3. Environment variables

ts
# .env
COGNITO_USER_POOL_ID=us-east-1_AbCdEfGhI
COGNITO_CLIENT_ID=1example23456789
COGNITO_REQUIRED_SCOPE=my-api/read

4. Plugin

ts
// src/plugins/cognito.ts
import { CognitoJwtVerifier } from "aws-jwt-verify";
import type { App } from "@daloyjs/core";

const verifier = CognitoJwtVerifier.create({
  userPoolId: process.env.COGNITO_USER_POOL_ID!,
  tokenUse: "access", // or "id"
  clientId: process.env.COGNITO_CLIENT_ID!,
});

export interface Principal {
  sub: string;
  scopes: string[];
  groups: string[];
  claims: Record<string, unknown>;
}

export const cognitoPlugin = {
  name: "cognito",
  register(app: App) {
    app.decorate("verifier", {
      async verify(token: string): Promise<Principal> {
        const payload = await verifier.verify(token);
        return {
          sub: String(payload.sub),
          scopes: typeof payload.scope === "string" ? payload.scope.split(" ") : [],
          groups: (payload["cognito:groups"] as string[]) ?? [],
          claims: payload as Record<string, unknown>,
        };
      },
    });
    // Pre-fetch the JWKS so the first request isn't slowed by a cold cache
    void verifier.hydrate();
  },
};

declare module "@daloyjs/core" {
  interface AppState {
    verifier: { verify(token: string): Promise<Principal> };
    principal?: Principal;
  }
}

verifier.hydrate() downloads the JWKS up front so the first authenticated request doesn't pay a network round-trip. Subsequent key rotations are picked up automatically.

5. Guard a route

ts
import { z } from "zod";
import { App, secureHeaders, rateLimit } from "@daloyjs/core";
import { cognitoPlugin } from "./plugins/cognito";
import { requireAuth } from "./plugins/auth"; // from the Overview page

const app = new App();
app.use(secureHeaders());
app.use(rateLimit({ windowMs: 60_000, max: 100 }));
app.register(cognitoPlugin);

app.route({
  method: "GET",
  path: "/me",
  operationId: "getMe",
  middleware: [requireAuth(process.env.COGNITO_REQUIRED_SCOPE!)],
  responses: {
    200: {
      description: "OK",
      body: z.object({ sub: z.string(), groups: z.array(z.string()) }),
    },
  },
  handler: ({ state }) => ({
    status: 200,
    body: { sub: state.principal!.sub, groups: state.principal!.groups },
  }),
});

Trusting multiple pools or IdPs

CognitoJwtVerifier.create([...]) accepts an array of pool configurations to trust JWTs from more than one user pool.

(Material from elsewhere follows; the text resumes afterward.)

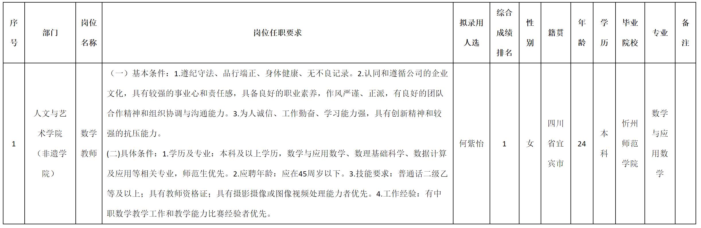 根據(jù)四川九洲教育投資管理有限公司發(fā)布的招聘公告及招聘相關規(guī)定,經(jīng)測試、考察、體檢等程序,擬錄用何紫怡同志到四川九洲教育投資管理有限公司工作,現(xiàn)予以公示,具體情況如下: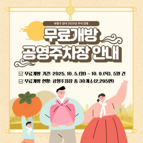 [½Åµ¿¾Æ¹æ¼Û ÀÎõ=À±¹Î½Ä±âÀÚ]ºÎÆò±¸½Ã¼³°ü¸®°ø´Ü(ÀÌ»çÀå À±³«¿µ, ÀÌÇÏ ¡®°ø´Ü¡¯)Àº Ãß¼® ¸íÀýÀ» ¸Â¾Æ 10¿ù 5ÀϺÎÅÍ 9ÀϱîÁö 5Àϰ£, ºÎÆò±¸ °ü³» °ø¿µÁÖÂ÷Àå 30°³¼Ò(ÃÑ 2,295¸é)¸¦ ¹«·á °³¹æÇÑ´Ù°í ¹àÇû´Ù. °ø´ÜÀº ¼³ ¸íÀý¿¡µµ °ø¿µÁÖÂ÷Àå ¹«·á °³¹æÀ» ÅëÇØ ±¸¹Î°ú¡¦

To trust a Cognito pool and a non-Cognito OIDC IdP, use the generic JwtVerifier with validateCognitoJwtFields in a customJwtCheck.

Notes on tokens

  • Access tokens carry scope (space-separated string) and cognito:groups: use them for API authorization.
  • ID tokens carry user attributes (email, name) and an aud claim. Verify them with tokenUse: "id" when your UI needs profile data.
  • Cognito signs with RS256. The library refuses alg: none and symmetric algorithms by design.